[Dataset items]

________

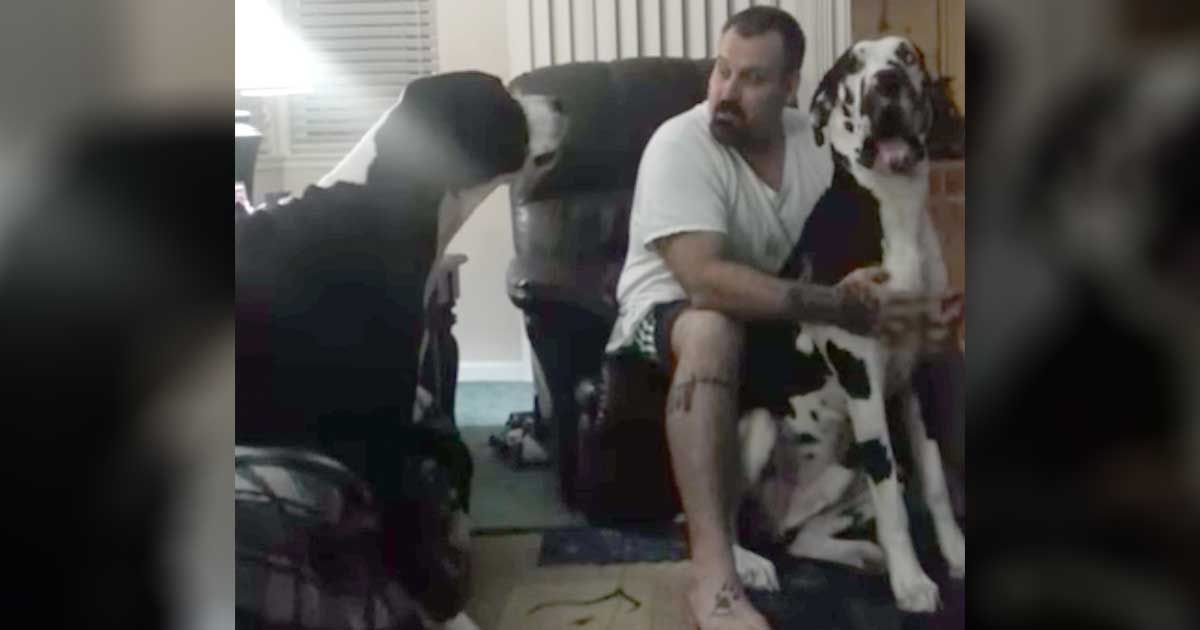 In this funny video, Dinky the great dane is throwing a minor temper tantrum because his owner is giving another dog more attention than him.
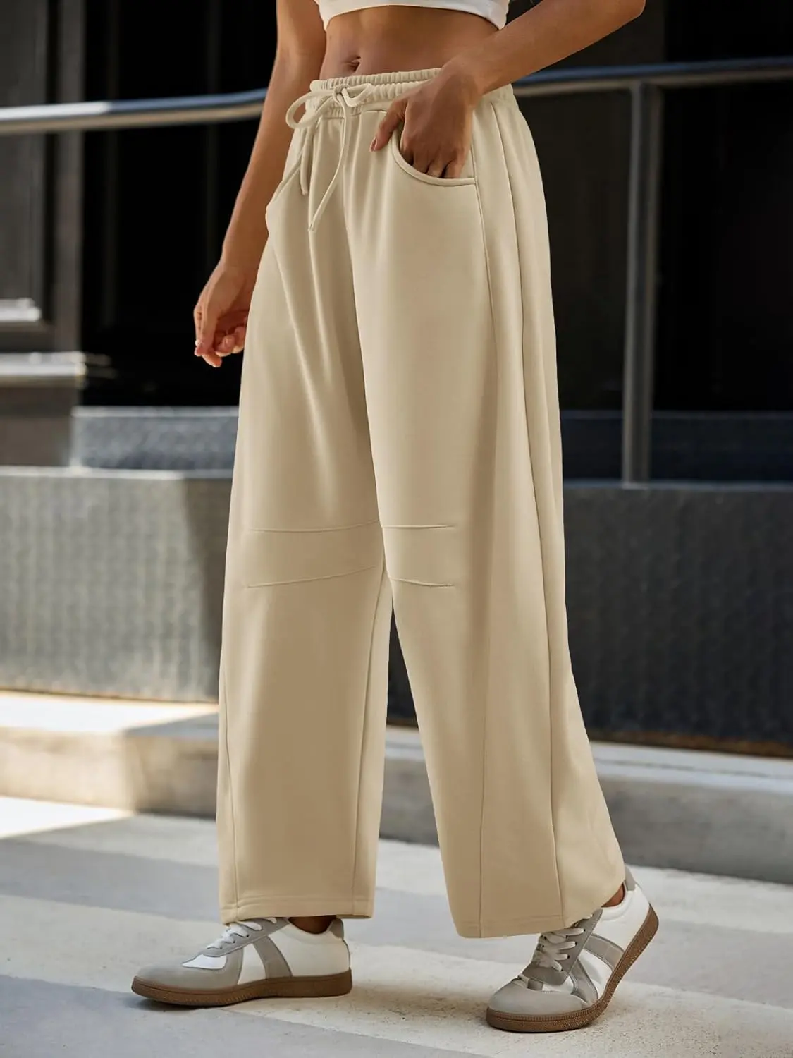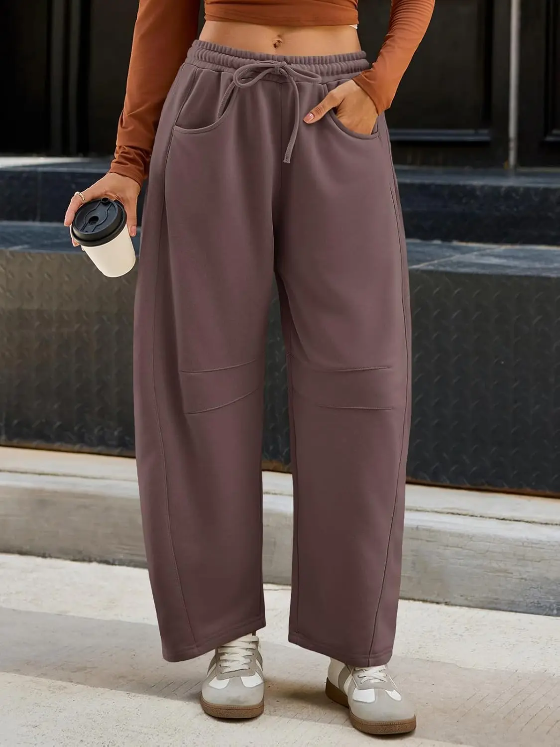 ·OOTD TIPS: Pair these barrel leg sweatpants with a fitted top or a cropped sweatshirt to balance the wide leg. Complete the relaxed look with casual sneakers, slides, or flat sandals
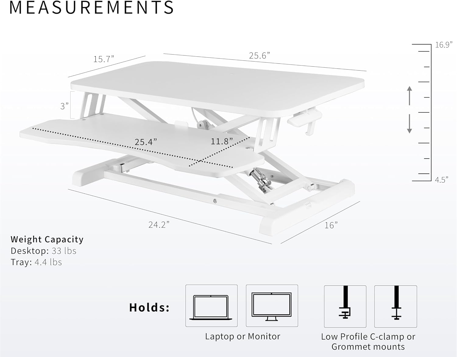 - Space Efficient 26" Surface: The top surface measures 25.6” x 15.7”, which will easily fit in your workspace. The 25.4” x 11.8” (11” in center) keyboard tray raises in sync with the top surface to create a comfortable workstation
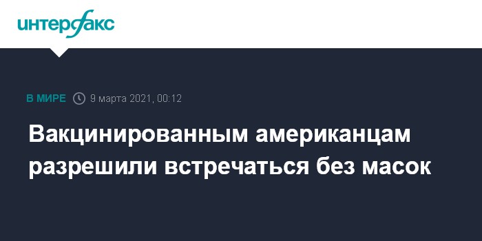Москва. 9 марта. INTERFAX.RU - Американцы, получившие обе дозы вакцины от коронавируса, могут собираться в помещении друг с другом без ношения маски или социального дистанцирования. Такие рекомендации появились в руководстве Центров по контролю и профилактике заболеваний в понедельник, сообщается на сайте Associated Press.
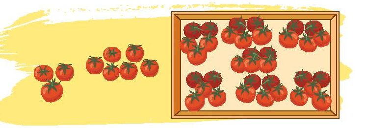 Ta thấy trong hộp có 7 nhóm cà chua, mỗi nhóm có 5 quả.
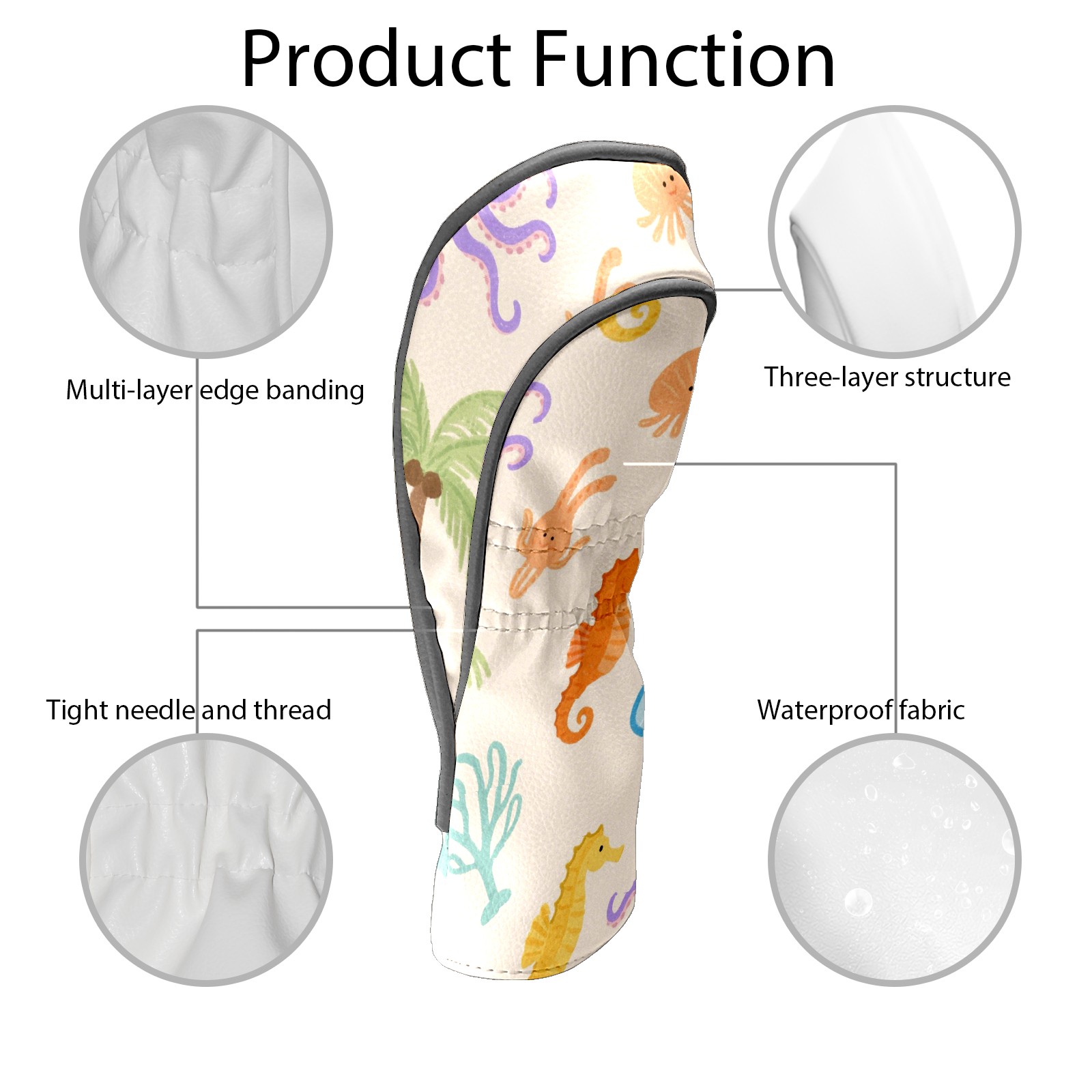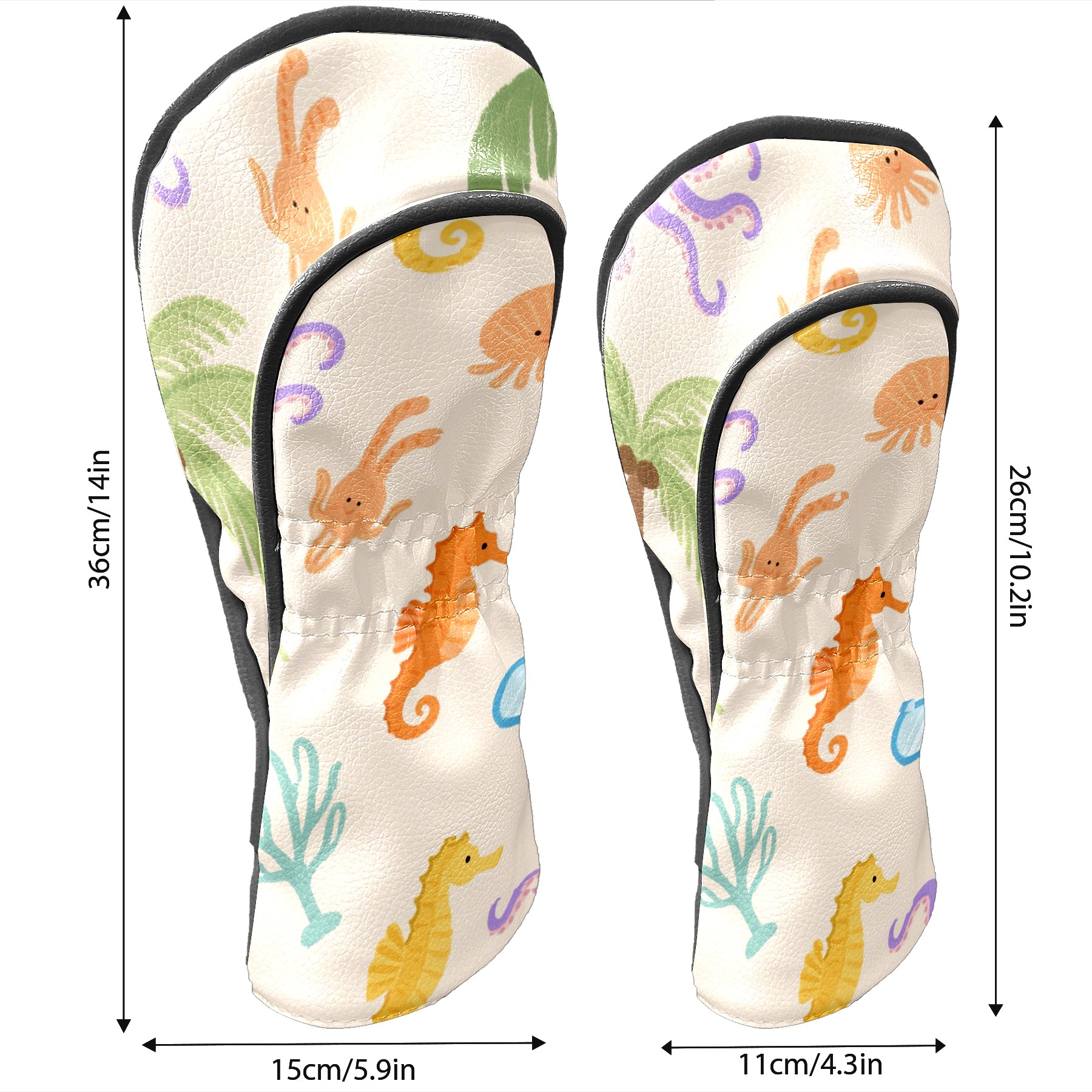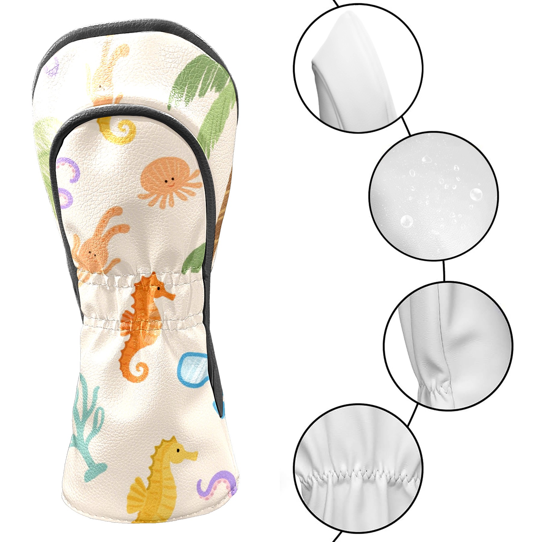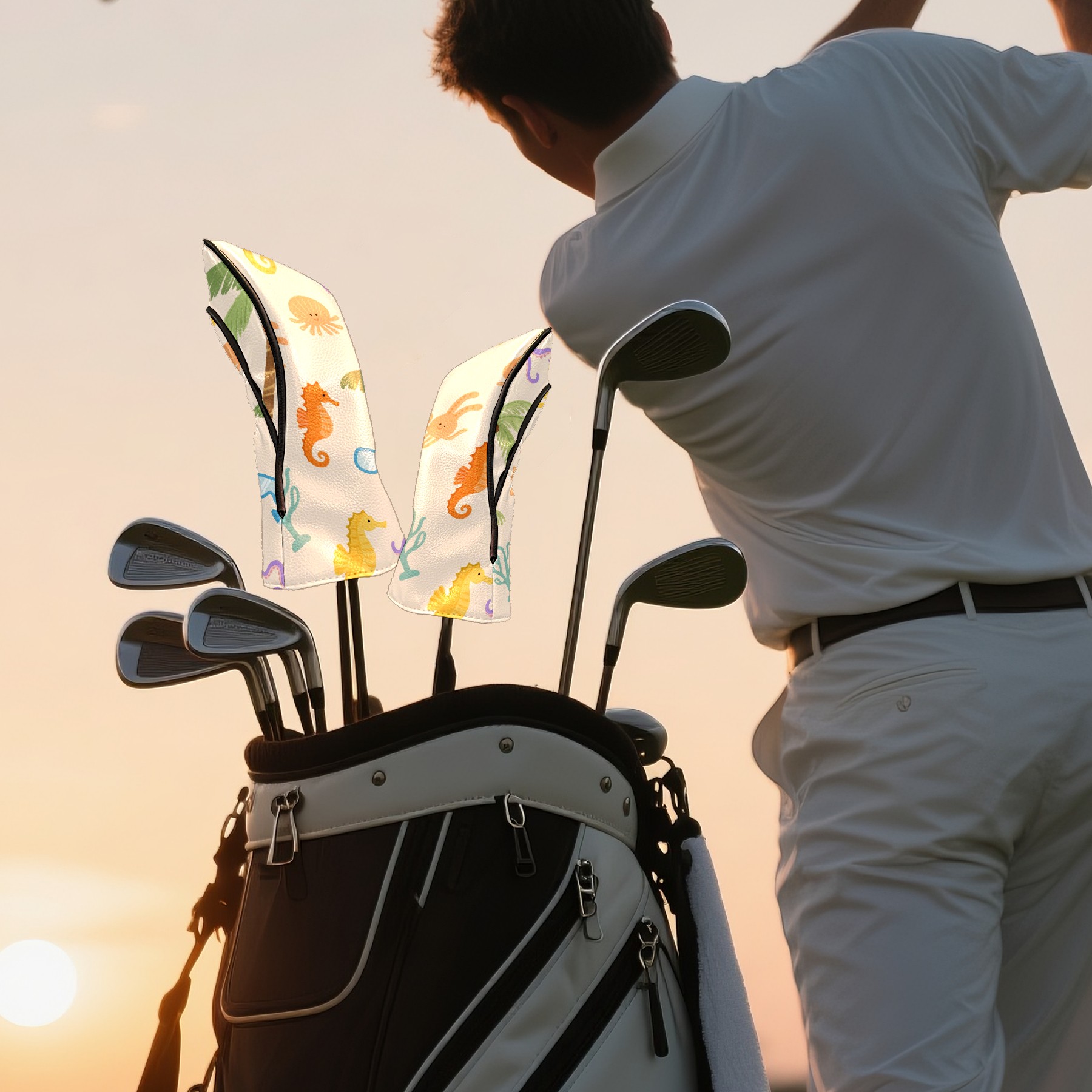 Black Golf Club Head Cover Golf Accessories Head Covers Set For Driver & Fairway Woods Marine Life
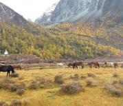 洛绒牛场是一个多功能综合自然景区,在这里你不仅能看到当地放养的很健壮的牛马群,还可以观赏这里美丽的雪山景观,非常喜欢这样有层次感的视觉效果。
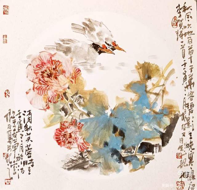 李根友老师说:聊起小写意花鸟画,在全国范围来讲,还得看天津。天津花鸟大师孙其峰先生,他的学术在全国的影响力是巨大的,威望很高。画家都是在吸收和借鉴中创造自我,是一个兼收并蓄的过程。
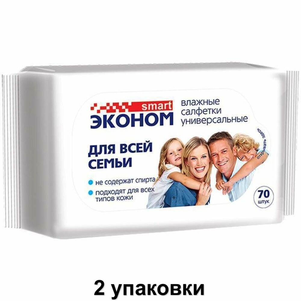 Эконом Smart Салфетки влажные для всей семьи, 70 шт в уп, 2 уп /
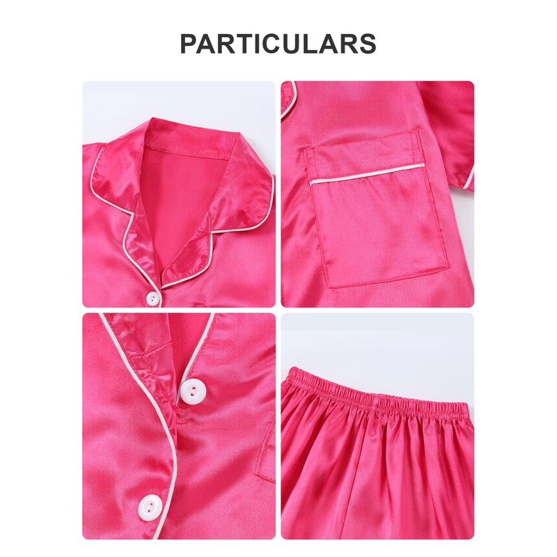 - Three-piece pajama set: Crafted from soft satin-like material, this set includes a short-sleeved top, shorts, and pants for year-round comfort. The top features a lapel collar, front pocket, and button closure, while the shorts and pants have elastic waistbands for a snug fit. The silky fabric offers a luxurious feel, ensuring a cozy, restful night's sleep for your child.
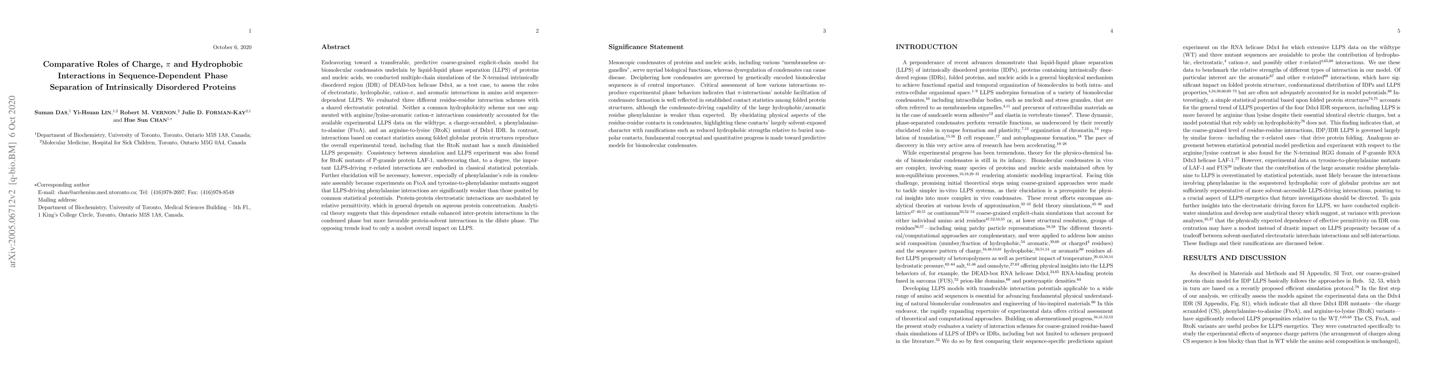 Research found that charge, pi, and hydrophobic interactions in intrinsically disordered proteins play a role in phase separation, but common models may not accurately predict this process. Interactions based on contact statistics among folded protein structures were more consistent with experimental data.
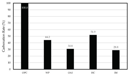 Figure 5. Comparison of the carbonation rates for the different specimens with ordinary Portland cement (OPC).
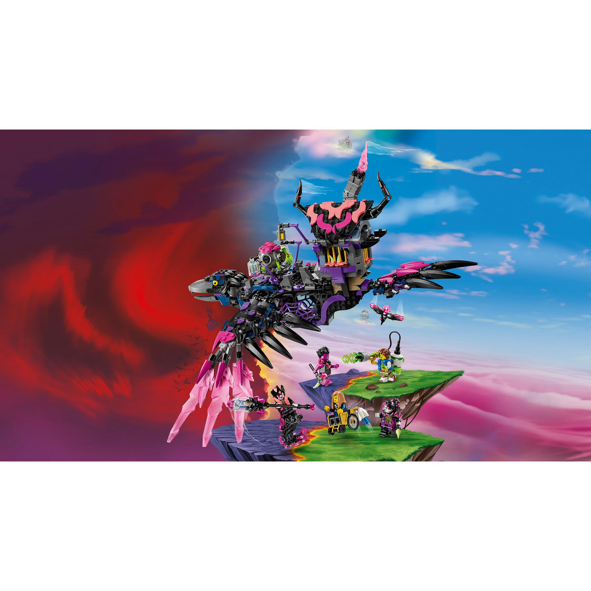 Micii visători se vor distra construind ticălosul corb al Vrăjitoarei din Never, pentru ca apoi să-l transforme într-o colibă-corb sau într-o colecţie de 3 creaturi de coşmar: o casă mergătoare, un păianjen-cazan şi un corb uriaş! Casa de jucărie are un acoperiş şi o uşă care se deschid, păianjenul are o cuşcă şi picioare mobile, iar corbul are aripi şi pene articulate.
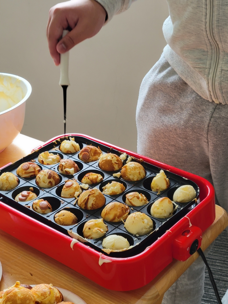 ベビーカステラ(淡路島ではピンス焼き)風で 中には、ウインナーやチーズが入っています。

________

ACTION ITEM. Output only the stretch above from the line with "or flat sandals" through the line with "Эконом Smart Салфетки", reproduced exactly. Exclude pictures.

EXPECTED ANSWER.
 ·OOTD TIPS: Pair these barrel leg sweatpants with a fitted top or a cropped sweatshirt to balance the wide leg. Complete the relaxed look with casual sneakers, slides, or flat sandals
 - Space Efficient 26" Surface: The top surface measures 25.6” x 15.7”, which will easily fit in your workspace. The 25.4” x 11.8” (11” in center) keyboard tray raises in sync with the top surface to create a comfortable workstation
Москва. 9 марта. INTERFAX.RU - Американцы, получившие обе дозы вакцины от коронавируса, могут собираться в помещении друг с другом без ношения маски или социального дистанцирования. Такие рекомендации появились в руководстве Центров по контролю и профилактике заболеваний в понедельник, сообщается на сайте Associated Press.
 Ta thấy trong hộp có 7 nhóm cà chua, mỗi nhóm có 5 quả.
 Black Golf Club Head Cover Golf Accessories Head Covers Set For Driver & Fairway Woods Marine Life
 洛绒牛场是一个多功能综合自然景区,在这里你不仅能看到当地放养的很健壮的牛马群,还可以观赏这里美丽的雪山景观,非常喜欢这样有层次感的视觉效果。
 李根友老师说:聊起小写意花鸟画,在全国范围来讲,还得看天津。天津花鸟大师孙其峰先生,他的学术在全国的影响力是巨大的,威望很高。画家都是在吸收和借鉴中创造自我,是一个兼收并蓄的过程。
 Эконом Smart Салфетки влажные для всей семьи, 70 шт в уп, 2 уп /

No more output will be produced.